**Task objective**.
Repeat exactly the lines beginning at the one that contains "Новинка! Торцевые фасады" and running to the end of the material. Omit the pictures.

★ ★ ★ ★ ★ ★ ★

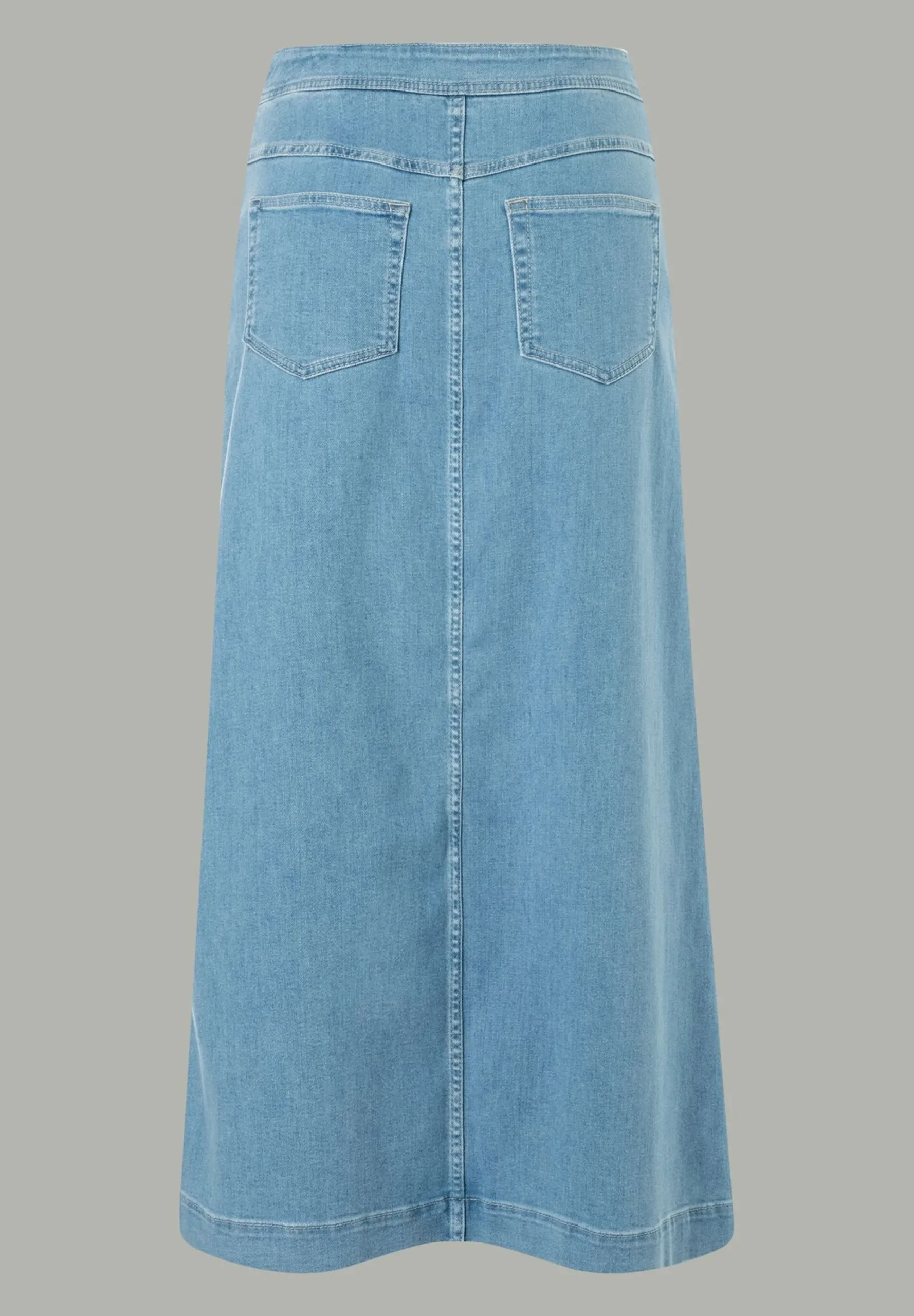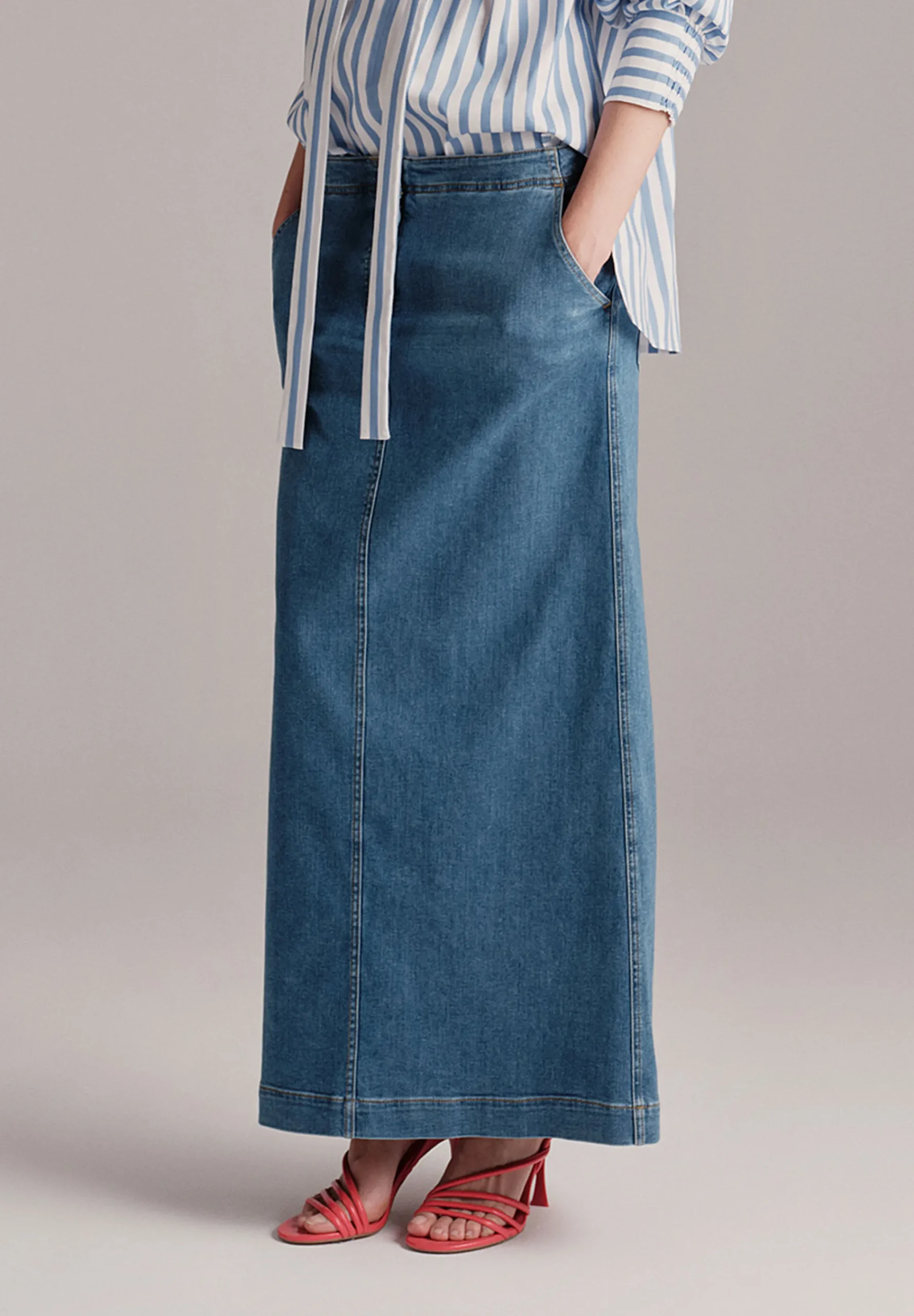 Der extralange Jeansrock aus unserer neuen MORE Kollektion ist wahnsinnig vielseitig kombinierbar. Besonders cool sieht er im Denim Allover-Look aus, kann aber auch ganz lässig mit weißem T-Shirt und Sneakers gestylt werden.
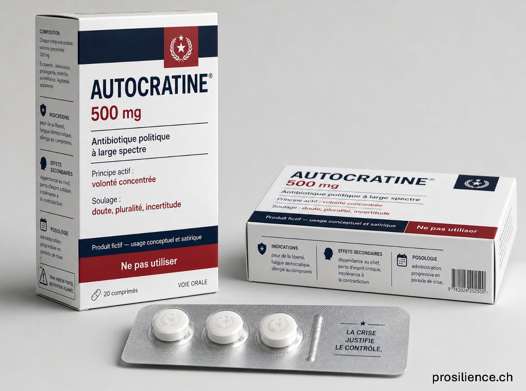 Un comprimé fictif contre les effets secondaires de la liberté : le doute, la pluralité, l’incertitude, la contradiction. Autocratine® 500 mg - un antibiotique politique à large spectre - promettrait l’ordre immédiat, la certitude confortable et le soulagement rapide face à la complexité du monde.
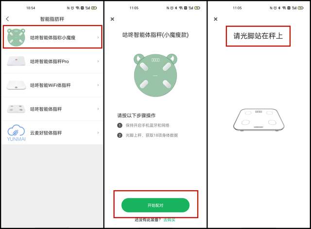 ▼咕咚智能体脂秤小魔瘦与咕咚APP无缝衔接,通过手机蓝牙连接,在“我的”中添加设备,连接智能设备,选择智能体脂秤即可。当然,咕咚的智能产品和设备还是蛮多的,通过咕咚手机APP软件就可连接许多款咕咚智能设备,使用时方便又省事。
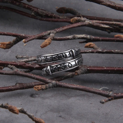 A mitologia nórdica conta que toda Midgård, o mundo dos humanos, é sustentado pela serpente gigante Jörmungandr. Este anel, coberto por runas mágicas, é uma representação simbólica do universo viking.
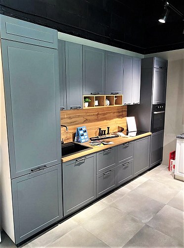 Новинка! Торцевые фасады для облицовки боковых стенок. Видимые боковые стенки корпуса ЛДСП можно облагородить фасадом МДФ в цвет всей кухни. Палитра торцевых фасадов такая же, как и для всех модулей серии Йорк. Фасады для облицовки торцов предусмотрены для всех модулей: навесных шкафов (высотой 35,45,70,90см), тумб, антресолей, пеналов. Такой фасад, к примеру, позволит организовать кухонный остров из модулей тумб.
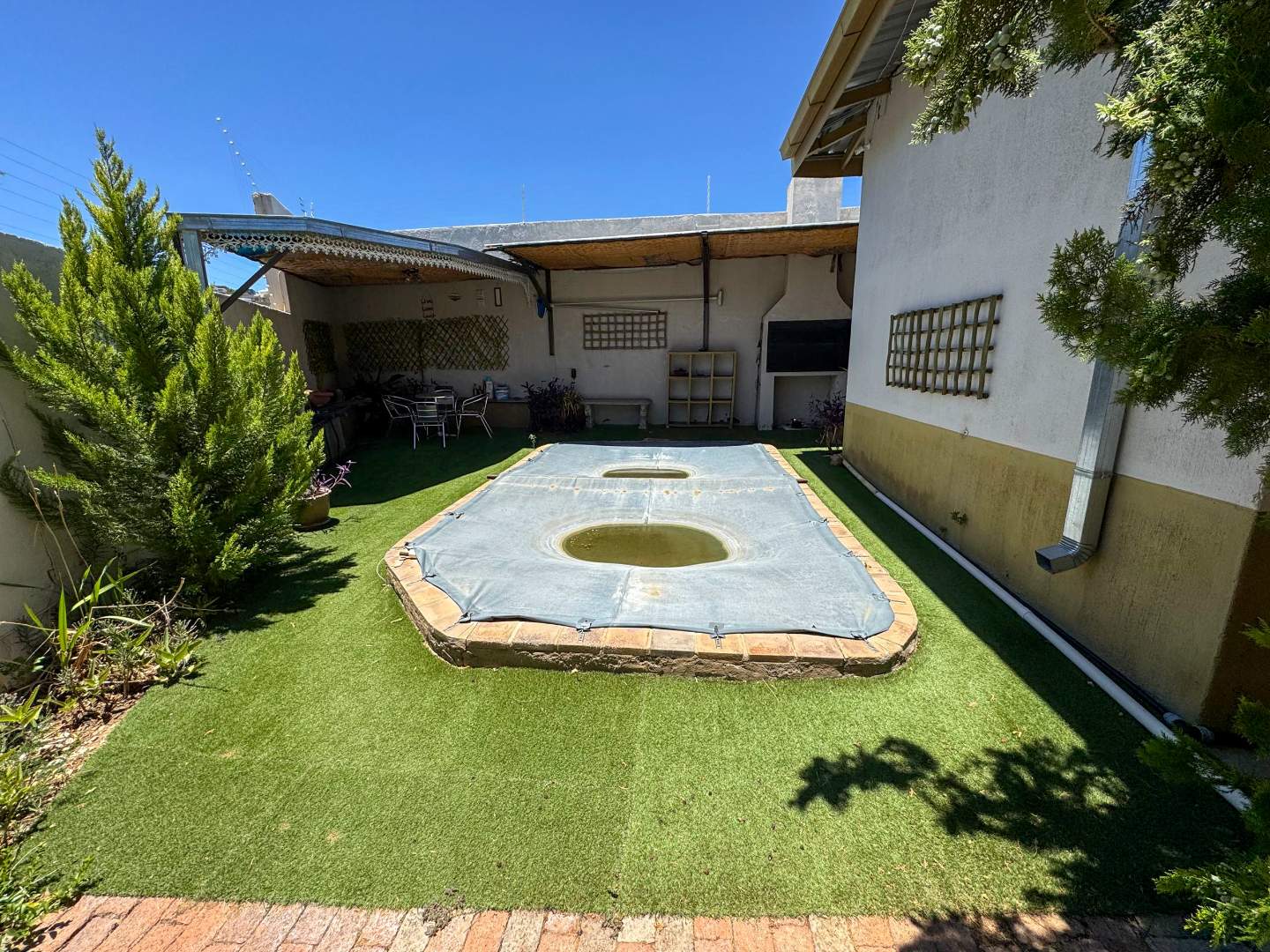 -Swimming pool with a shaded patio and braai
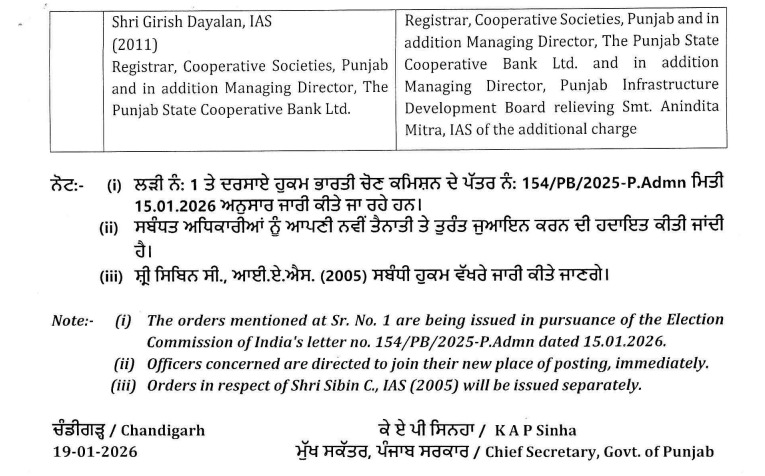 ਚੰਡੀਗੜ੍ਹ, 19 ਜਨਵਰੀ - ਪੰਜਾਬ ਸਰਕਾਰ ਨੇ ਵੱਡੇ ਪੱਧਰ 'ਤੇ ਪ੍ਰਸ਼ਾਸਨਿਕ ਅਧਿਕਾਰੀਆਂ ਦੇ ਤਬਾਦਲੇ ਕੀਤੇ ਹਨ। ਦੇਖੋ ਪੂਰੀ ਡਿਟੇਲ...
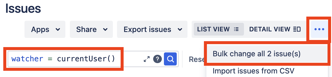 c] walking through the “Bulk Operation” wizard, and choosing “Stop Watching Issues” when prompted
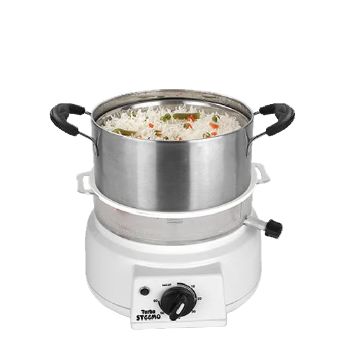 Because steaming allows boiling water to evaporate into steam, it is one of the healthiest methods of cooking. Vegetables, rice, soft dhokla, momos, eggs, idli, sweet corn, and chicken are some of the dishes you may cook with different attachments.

★ ★ ★ ★ ★ ★ ★

**Solution below**.
 Новинка! Торцевые фасады для облицовки боковых стенок. Видимые боковые стенки корпуса ЛДСП можно облагородить фасадом МДФ в цвет всей кухни. Палитра торцевых фасадов такая же, как и для всех модулей серии Йорк. Фасады для облицовки торцов предусмотрены для всех модулей: навесных шкафов (высотой 35,45,70,90см), тумб, антресолей, пеналов. Такой фасад, к примеру, позволит организовать кухонный остров из модулей тумб.
 -Swimming pool with a shaded patio and braai
 ਚੰਡੀਗੜ੍ਹ, 19 ਜਨਵਰੀ - ਪੰਜਾਬ ਸਰਕਾਰ ਨੇ ਵੱਡੇ ਪੱਧਰ 'ਤੇ ਪ੍ਰਸ਼ਾਸਨਿਕ ਅਧਿਕਾਰੀਆਂ ਦੇ ਤਬਾਦਲੇ ਕੀਤੇ ਹਨ। ਦੇਖੋ ਪੂਰੀ ਡਿਟੇਲ...
 c] walking through the “Bulk Operation” wizard, and choosing “Stop Watching Issues” when prompted
 Because steaming allows boiling water to evaporate into steam, it is one of the healthiest methods of cooking. Vegetables, rice, soft dhokla, momos, eggs, idli, sweet corn, and chicken are some of the dishes you may cook with different attachments.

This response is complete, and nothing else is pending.